**WHAT YOU HAVE TO DO:** Pictures excluded, reproduce exactly the lines below from the one with "因技術限制,一般陶瓷與不鏽鋼的接縫約為 0.5mm,容易流入髒污;SWANZ 以獨步全球的接合技術,用無毒" through the one with "지난 북한전에서 후반전", both included.

[Entries taken from a collection]
>>>

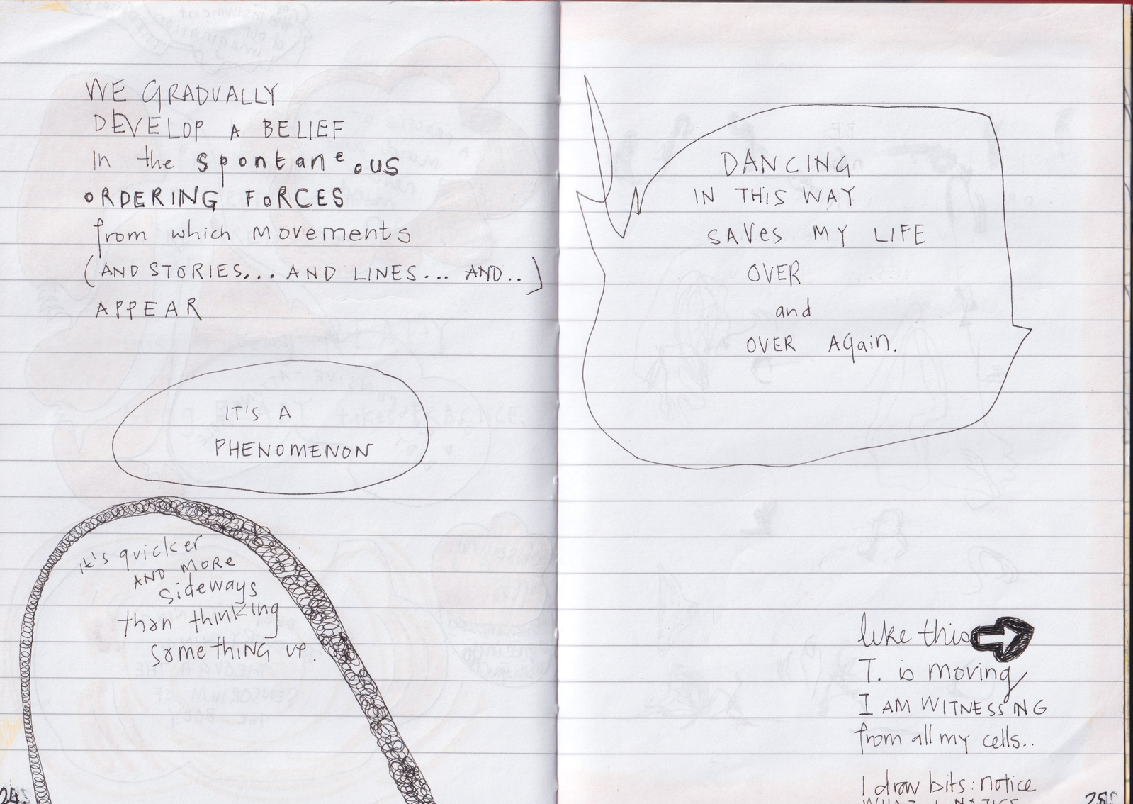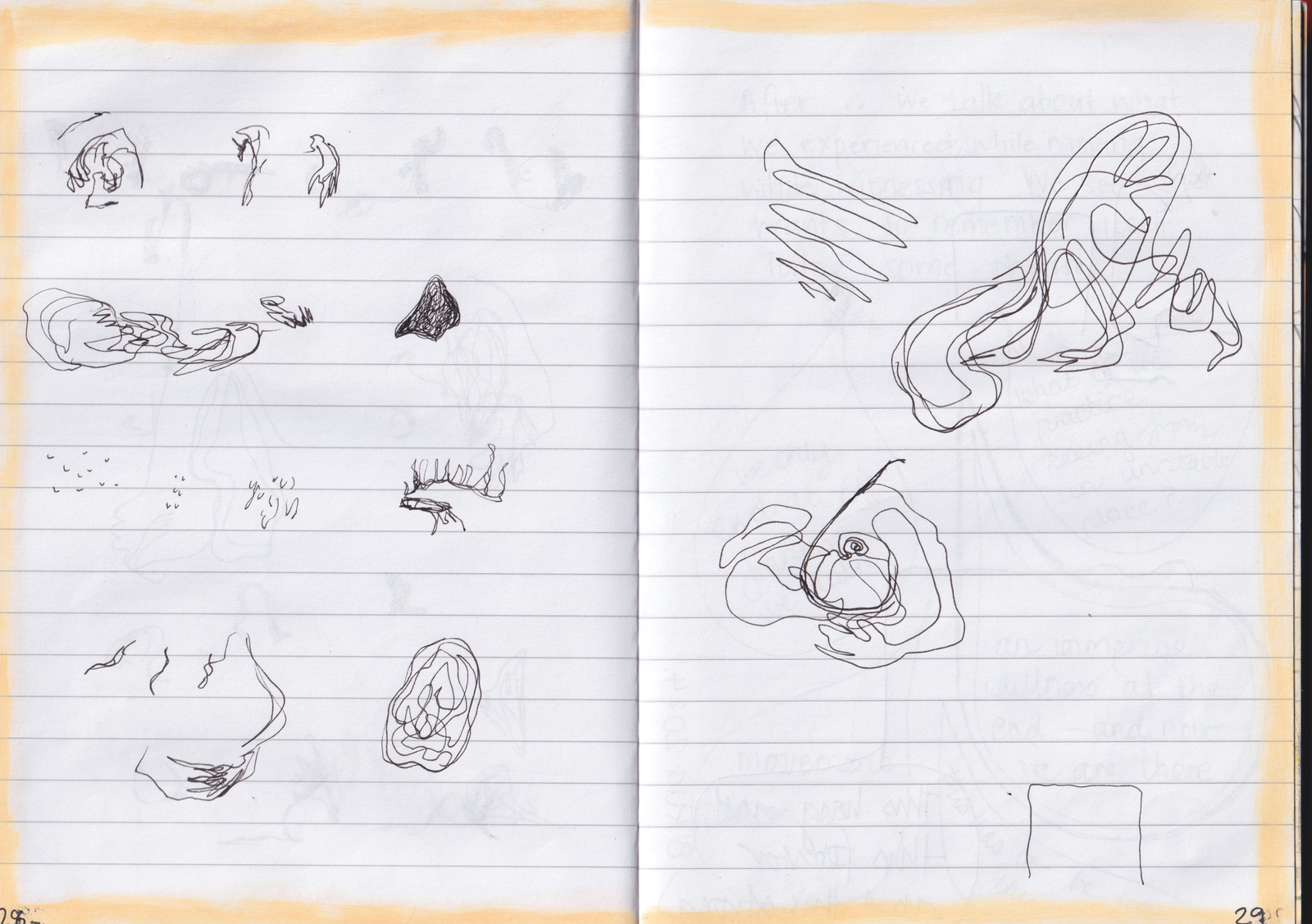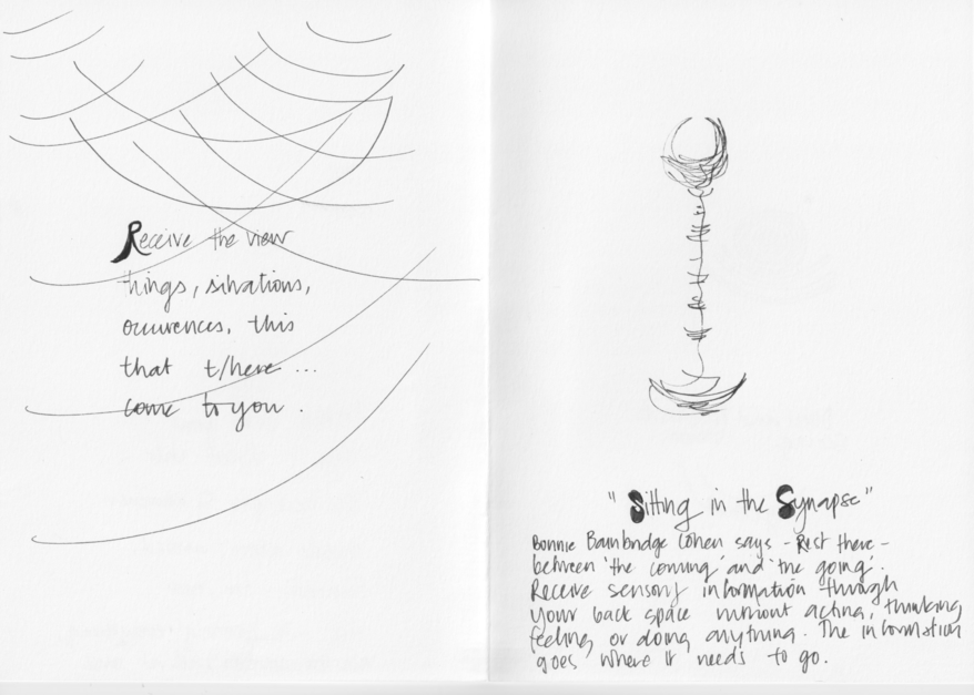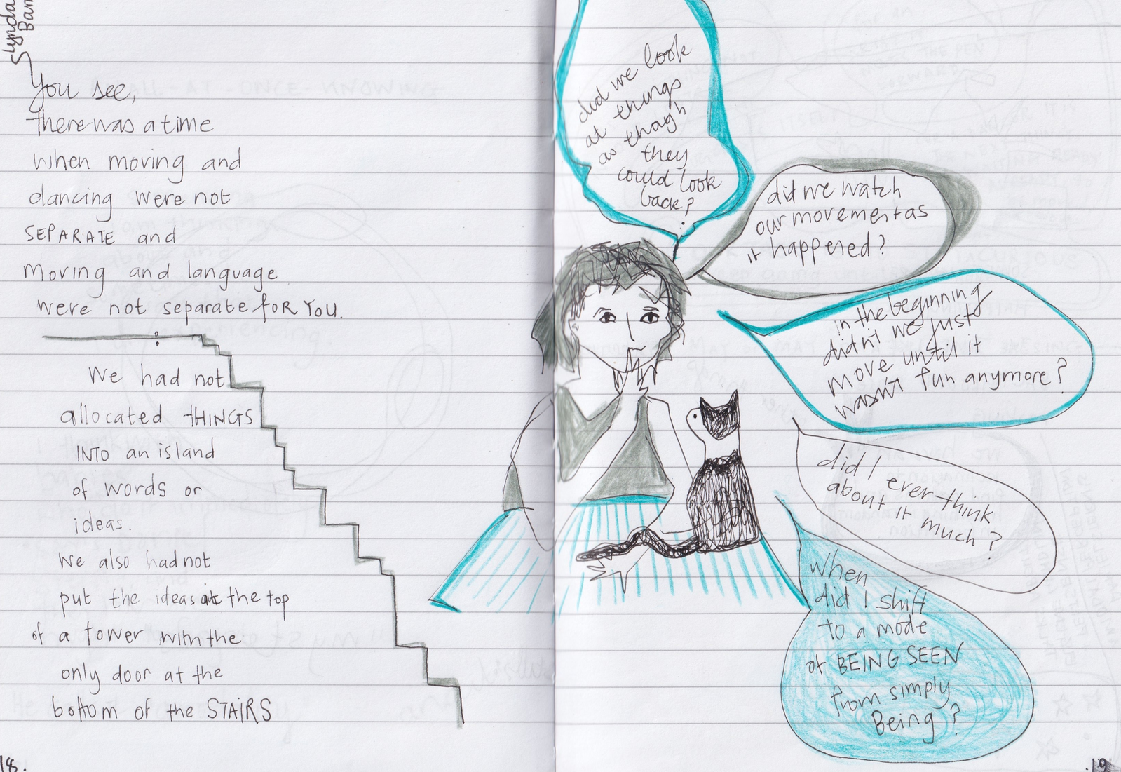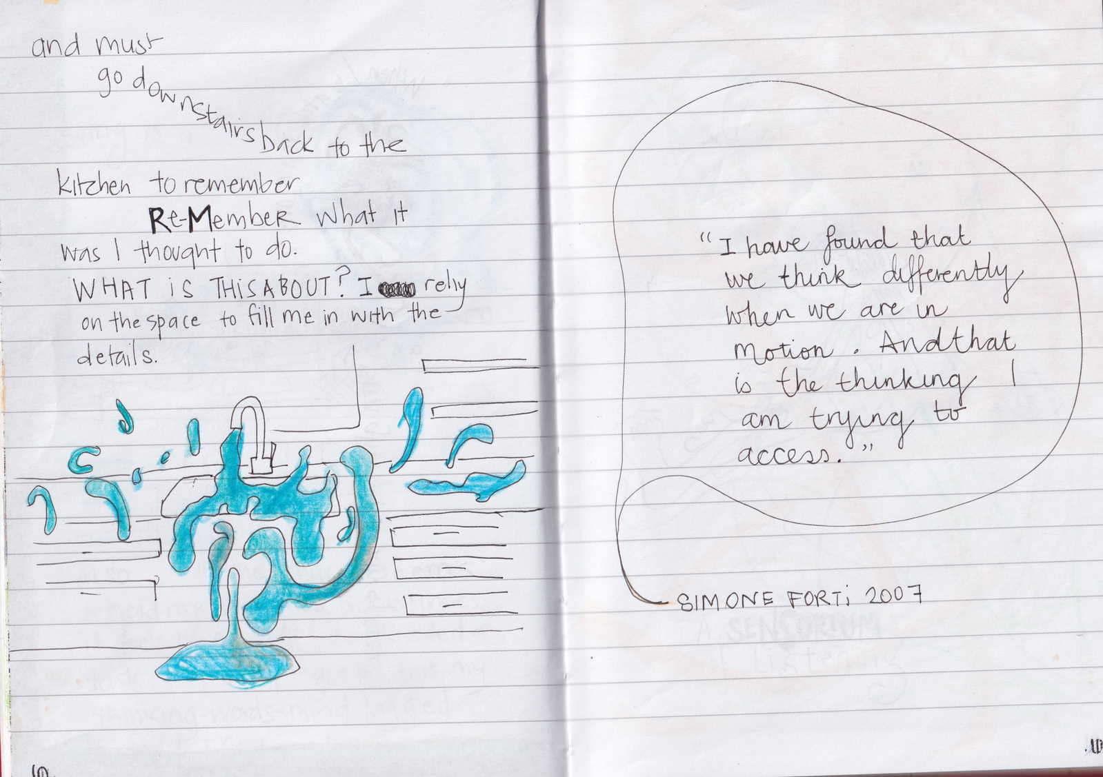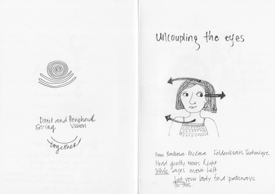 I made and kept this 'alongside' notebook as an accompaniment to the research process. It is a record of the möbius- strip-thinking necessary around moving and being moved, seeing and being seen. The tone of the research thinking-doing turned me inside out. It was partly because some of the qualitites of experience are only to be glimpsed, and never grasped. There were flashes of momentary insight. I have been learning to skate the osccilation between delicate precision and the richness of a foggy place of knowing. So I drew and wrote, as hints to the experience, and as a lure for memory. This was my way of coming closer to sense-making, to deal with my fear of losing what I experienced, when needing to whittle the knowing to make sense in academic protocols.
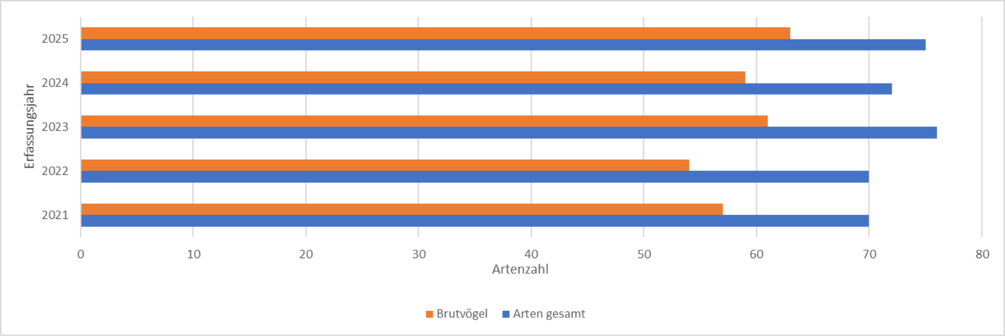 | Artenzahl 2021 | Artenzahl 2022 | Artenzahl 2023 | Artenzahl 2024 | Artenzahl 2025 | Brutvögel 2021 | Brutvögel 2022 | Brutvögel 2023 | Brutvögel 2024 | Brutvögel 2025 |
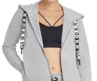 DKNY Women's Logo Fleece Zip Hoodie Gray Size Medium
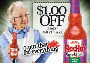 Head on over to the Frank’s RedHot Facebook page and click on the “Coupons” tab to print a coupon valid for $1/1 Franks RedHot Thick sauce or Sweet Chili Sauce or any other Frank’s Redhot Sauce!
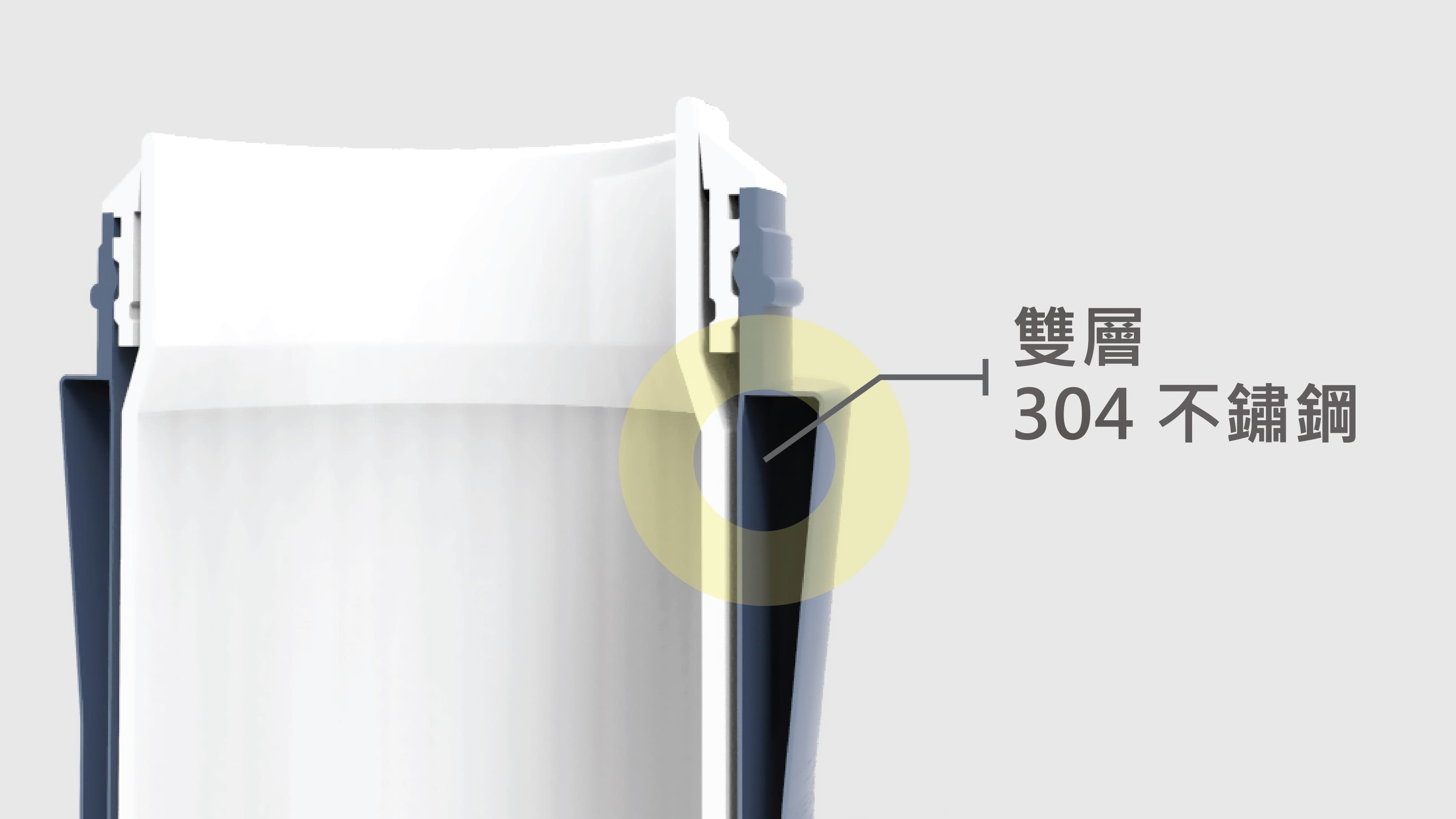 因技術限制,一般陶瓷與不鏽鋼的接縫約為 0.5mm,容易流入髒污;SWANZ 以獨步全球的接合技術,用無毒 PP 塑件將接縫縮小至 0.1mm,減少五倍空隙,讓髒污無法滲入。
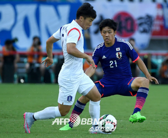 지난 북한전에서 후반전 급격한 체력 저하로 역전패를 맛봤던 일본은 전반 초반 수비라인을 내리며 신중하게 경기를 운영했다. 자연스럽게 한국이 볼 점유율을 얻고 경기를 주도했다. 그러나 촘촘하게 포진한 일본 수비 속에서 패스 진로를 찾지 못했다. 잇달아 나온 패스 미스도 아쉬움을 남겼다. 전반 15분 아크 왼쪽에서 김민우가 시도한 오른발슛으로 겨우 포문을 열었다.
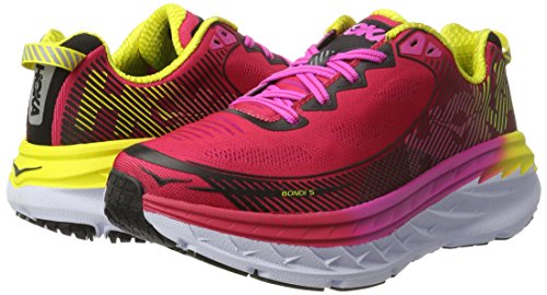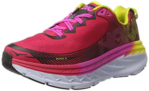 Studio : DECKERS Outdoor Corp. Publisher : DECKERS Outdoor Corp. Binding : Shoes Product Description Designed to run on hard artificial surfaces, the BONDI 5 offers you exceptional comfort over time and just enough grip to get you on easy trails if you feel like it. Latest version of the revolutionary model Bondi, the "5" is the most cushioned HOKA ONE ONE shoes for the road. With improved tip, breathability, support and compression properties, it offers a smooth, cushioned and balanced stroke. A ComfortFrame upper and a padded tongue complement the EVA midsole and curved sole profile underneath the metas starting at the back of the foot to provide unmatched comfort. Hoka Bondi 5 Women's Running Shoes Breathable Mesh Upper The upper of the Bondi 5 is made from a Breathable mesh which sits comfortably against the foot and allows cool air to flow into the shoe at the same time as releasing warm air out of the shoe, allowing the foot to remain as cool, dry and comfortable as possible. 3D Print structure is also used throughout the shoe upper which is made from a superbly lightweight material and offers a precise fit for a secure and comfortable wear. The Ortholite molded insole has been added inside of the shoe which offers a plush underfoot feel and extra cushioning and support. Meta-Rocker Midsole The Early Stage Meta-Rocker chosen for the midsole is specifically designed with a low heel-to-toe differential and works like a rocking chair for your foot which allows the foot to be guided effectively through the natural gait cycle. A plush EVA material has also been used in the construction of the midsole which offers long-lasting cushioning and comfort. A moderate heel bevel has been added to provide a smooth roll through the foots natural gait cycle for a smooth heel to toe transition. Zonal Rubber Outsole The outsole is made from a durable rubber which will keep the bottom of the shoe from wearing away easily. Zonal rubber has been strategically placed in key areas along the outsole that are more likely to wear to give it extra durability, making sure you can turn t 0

<<<

**WRITTEN ANSWER:**
 因技術限制,一般陶瓷與不鏽鋼的接縫約為 0.5mm,容易流入髒污;SWANZ 以獨步全球的接合技術,用無毒 PP 塑件將接縫縮小至 0.1mm,減少五倍空隙,讓髒污無法滲入。
 지난 북한전에서 후반전 급격한 체력 저하로 역전패를 맛봤던 일본은 전반 초반 수비라인을 내리며 신중하게 경기를 운영했다. 자연스럽게 한국이 볼 점유율을 얻고 경기를 주도했다. 그러나 촘촘하게 포진한 일본 수비 속에서 패스 진로를 찾지 못했다. 잇달아 나온 패스 미스도 아쉬움을 남겼다. 전반 15분 아크 왼쪽에서 김민우가 시도한 오른발슛으로 겨우 포문을 열었다.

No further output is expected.